*** Opening of RECORDS SUPPLIED ***

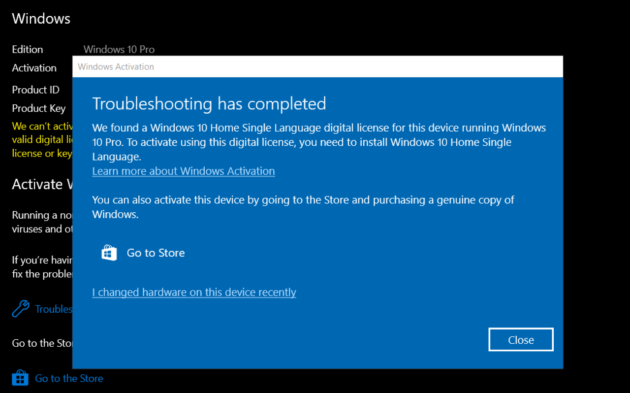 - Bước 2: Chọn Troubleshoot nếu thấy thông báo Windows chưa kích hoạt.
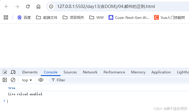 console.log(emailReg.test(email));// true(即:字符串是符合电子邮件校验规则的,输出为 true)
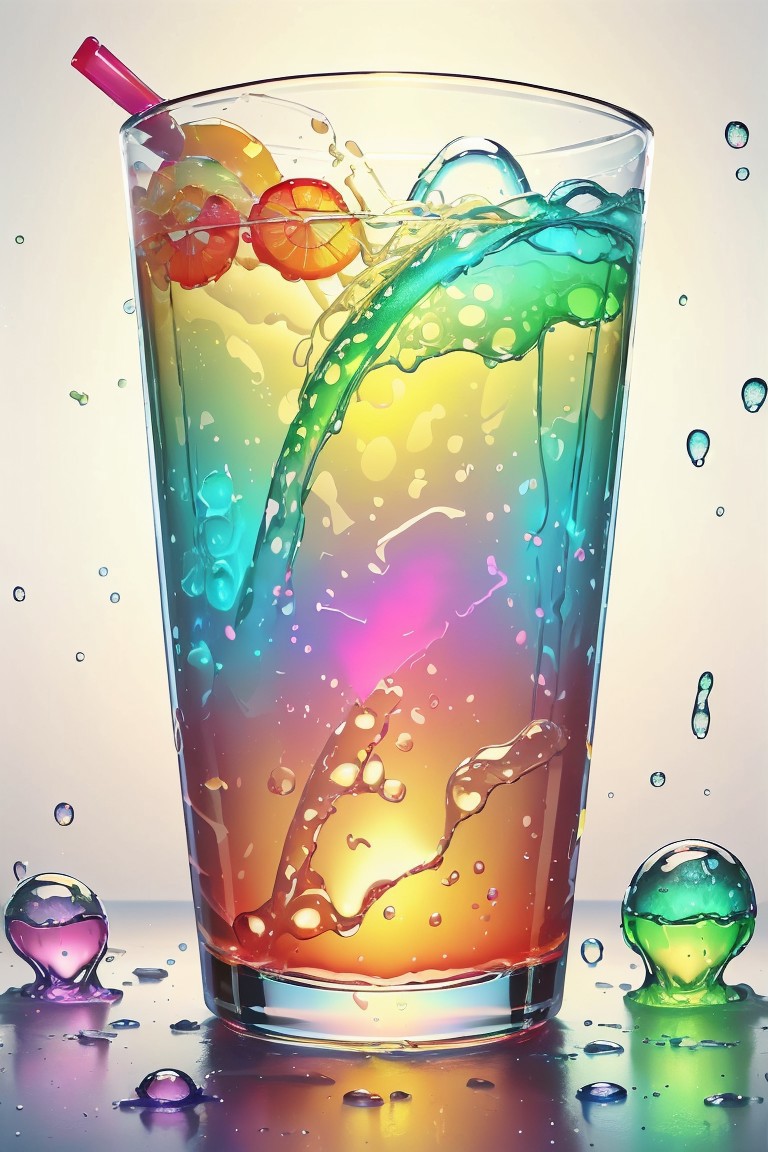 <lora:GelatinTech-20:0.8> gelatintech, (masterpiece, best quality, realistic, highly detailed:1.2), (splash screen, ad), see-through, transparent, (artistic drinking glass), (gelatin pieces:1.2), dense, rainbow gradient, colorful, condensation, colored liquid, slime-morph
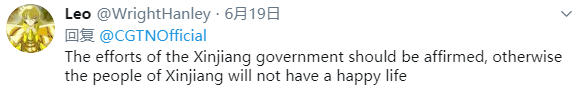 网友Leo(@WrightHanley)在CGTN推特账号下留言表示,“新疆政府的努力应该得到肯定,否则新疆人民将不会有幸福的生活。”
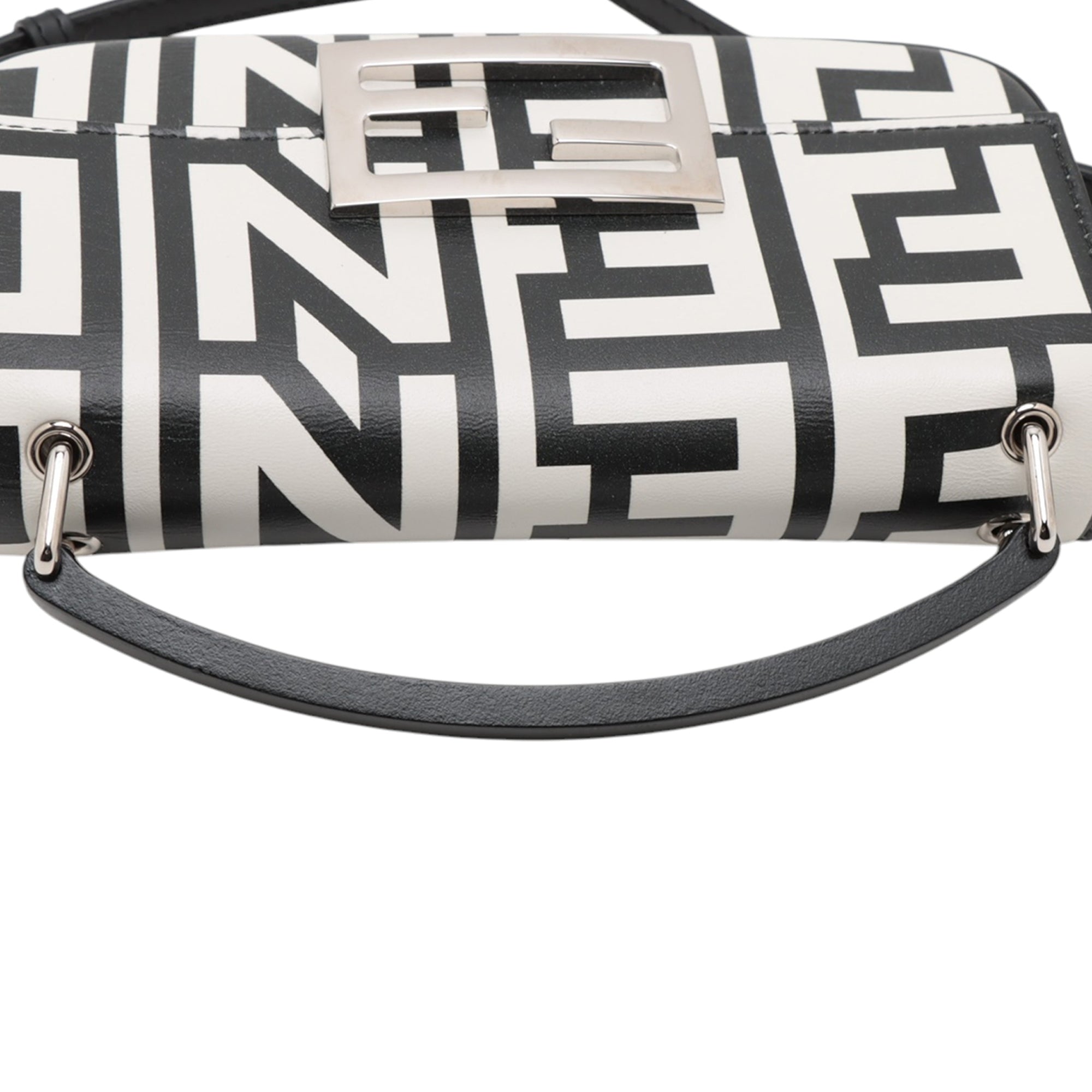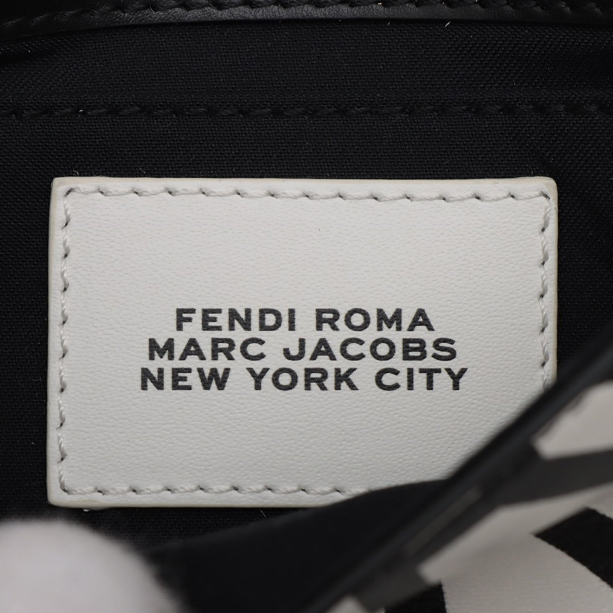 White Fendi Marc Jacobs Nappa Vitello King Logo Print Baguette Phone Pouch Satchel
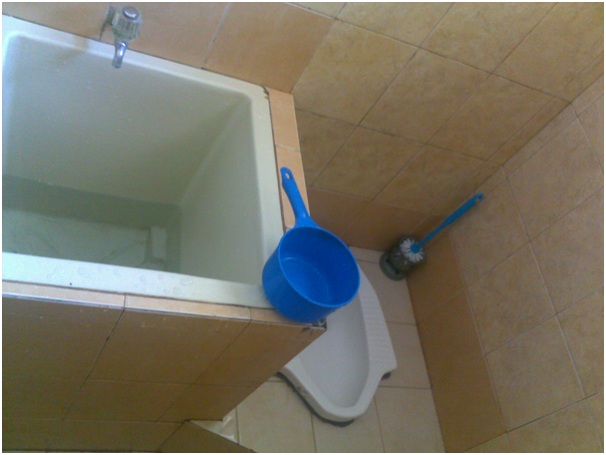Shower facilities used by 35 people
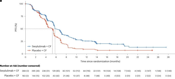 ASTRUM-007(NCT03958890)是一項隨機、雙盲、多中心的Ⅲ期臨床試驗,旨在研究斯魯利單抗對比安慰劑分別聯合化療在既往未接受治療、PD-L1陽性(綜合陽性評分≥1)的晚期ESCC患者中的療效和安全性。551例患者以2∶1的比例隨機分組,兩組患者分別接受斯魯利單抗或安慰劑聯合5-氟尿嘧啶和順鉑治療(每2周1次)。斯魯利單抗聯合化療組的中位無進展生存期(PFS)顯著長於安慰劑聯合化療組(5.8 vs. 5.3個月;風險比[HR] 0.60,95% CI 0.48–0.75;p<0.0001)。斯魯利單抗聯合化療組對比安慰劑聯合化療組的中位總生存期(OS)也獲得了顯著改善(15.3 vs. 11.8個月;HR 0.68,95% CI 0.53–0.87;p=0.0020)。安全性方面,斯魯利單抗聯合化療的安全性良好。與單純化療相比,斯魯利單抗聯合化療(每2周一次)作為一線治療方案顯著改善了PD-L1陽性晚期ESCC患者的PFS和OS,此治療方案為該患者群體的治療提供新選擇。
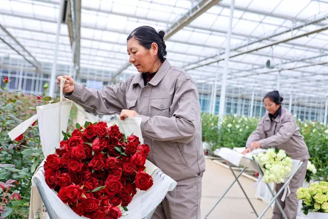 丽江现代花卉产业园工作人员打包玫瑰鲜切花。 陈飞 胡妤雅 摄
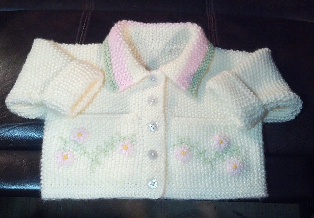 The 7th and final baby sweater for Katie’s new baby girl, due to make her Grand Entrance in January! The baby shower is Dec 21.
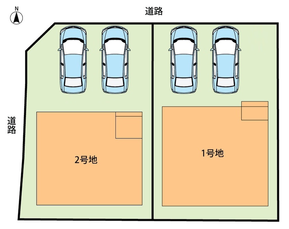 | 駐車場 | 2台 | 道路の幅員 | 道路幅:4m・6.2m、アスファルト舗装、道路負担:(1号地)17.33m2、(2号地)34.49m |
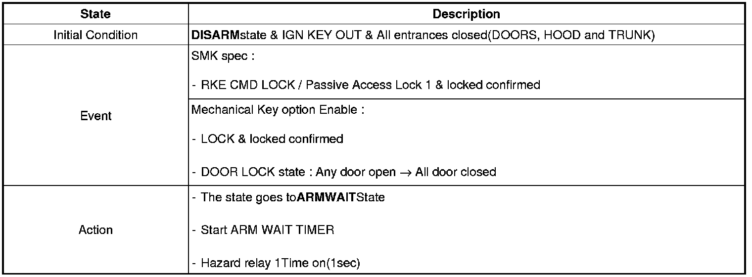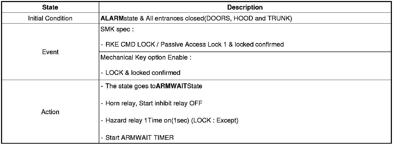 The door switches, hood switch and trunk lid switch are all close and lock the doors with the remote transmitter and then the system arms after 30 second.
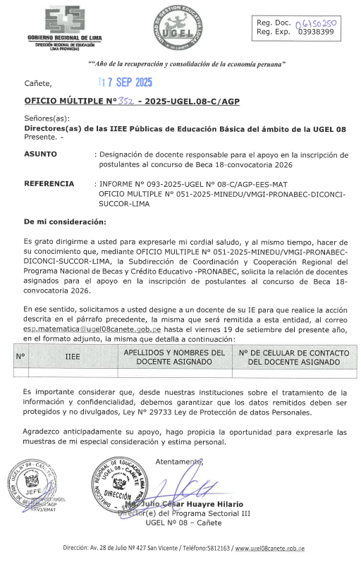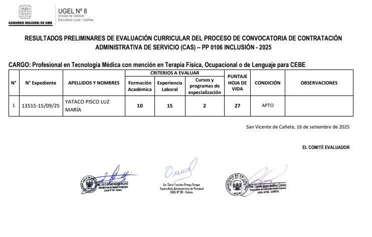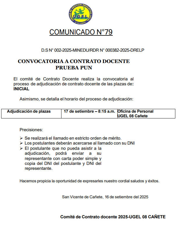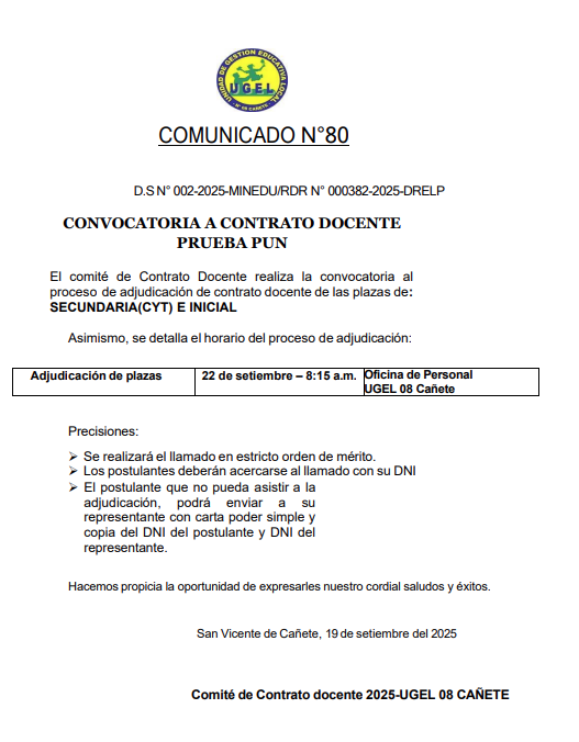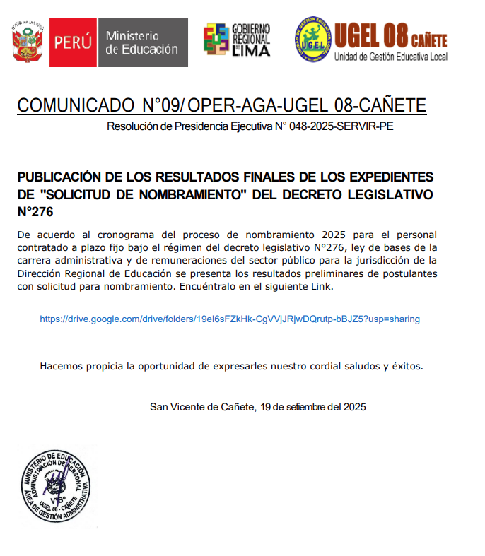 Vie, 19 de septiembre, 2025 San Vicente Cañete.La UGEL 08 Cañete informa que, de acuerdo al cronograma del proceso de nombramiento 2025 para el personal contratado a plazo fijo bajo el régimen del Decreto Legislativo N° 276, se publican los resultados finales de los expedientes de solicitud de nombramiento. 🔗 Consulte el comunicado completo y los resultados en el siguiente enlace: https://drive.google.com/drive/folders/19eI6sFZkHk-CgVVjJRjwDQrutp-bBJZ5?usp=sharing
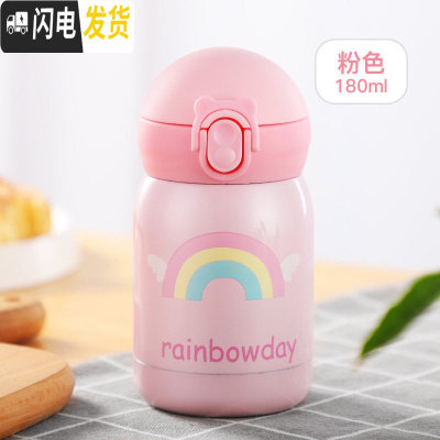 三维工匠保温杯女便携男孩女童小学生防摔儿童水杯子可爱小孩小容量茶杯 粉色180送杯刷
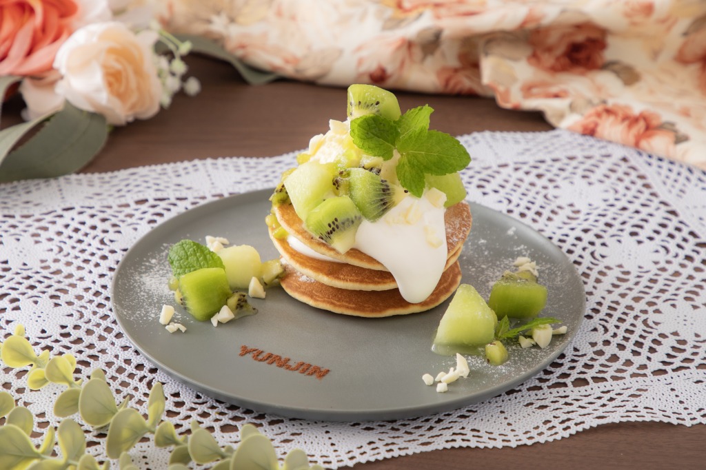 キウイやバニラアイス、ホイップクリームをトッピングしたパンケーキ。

*** Close of RECORDS SUPPLIED ***

— YOUR GOAL —
Quote the records above exactly, from the first line through the line containing "丽江现代花卉产业园工作人员打包玫瑰鲜切花。 陈飞 胡妤雅 摄", and leave out the pictures.

— YOUR SOLUTION —
 - Bước 2: Chọn Troubleshoot nếu thấy thông báo Windows chưa kích hoạt.
 console.log(emailReg.test(email));// true(即:字符串是符合电子邮件校验规则的,输出为 true)
 <lora:GelatinTech-20:0.8> gelatintech, (masterpiece, best quality, realistic, highly detailed:1.2), (splash screen, ad), see-through, transparent, (artistic drinking glass), (gelatin pieces:1.2), dense, rainbow gradient, colorful, condensation, colored liquid, slime-morph
 网友Leo(@WrightHanley)在CGTN推特账号下留言表示,“新疆政府的努力应该得到肯定,否则新疆人民将不会有幸福的生活。”
 White Fendi Marc Jacobs Nappa Vitello King Logo Print Baguette Phone Pouch Satchel
Shower facilities used by 35 people
 ASTRUM-007(NCT03958890)是一項隨機、雙盲、多中心的Ⅲ期臨床試驗,旨在研究斯魯利單抗對比安慰劑分別聯合化療在既往未接受治療、PD-L1陽性(綜合陽性評分≥1)的晚期ESCC患者中的療效和安全性。551例患者以2∶1的比例隨機分組,兩組患者分別接受斯魯利單抗或安慰劑聯合5-氟尿嘧啶和順鉑治療(每2周1次)。斯魯利單抗聯合化療組的中位無進展生存期(PFS)顯著長於安慰劑聯合化療組(5.8 vs. 5.3個月;風險比[HR] 0.60,95% CI 0.48–0.75;p<0.0001)。斯魯利單抗聯合化療組對比安慰劑聯合化療組的中位總生存期(OS)也獲得了顯著改善(15.3 vs. 11.8個月;HR 0.68,95% CI 0.53–0.87;p=0.0020)。安全性方面,斯魯利單抗聯合化療的安全性良好。與單純化療相比,斯魯利單抗聯合化療(每2周一次)作為一線治療方案顯著改善了PD-L1陽性晚期ESCC患者的PFS和OS,此治療方案為該患者群體的治療提供新選擇。
 丽江现代花卉产业园工作人员打包玫瑰鲜切花。 陈飞 胡妤雅 摄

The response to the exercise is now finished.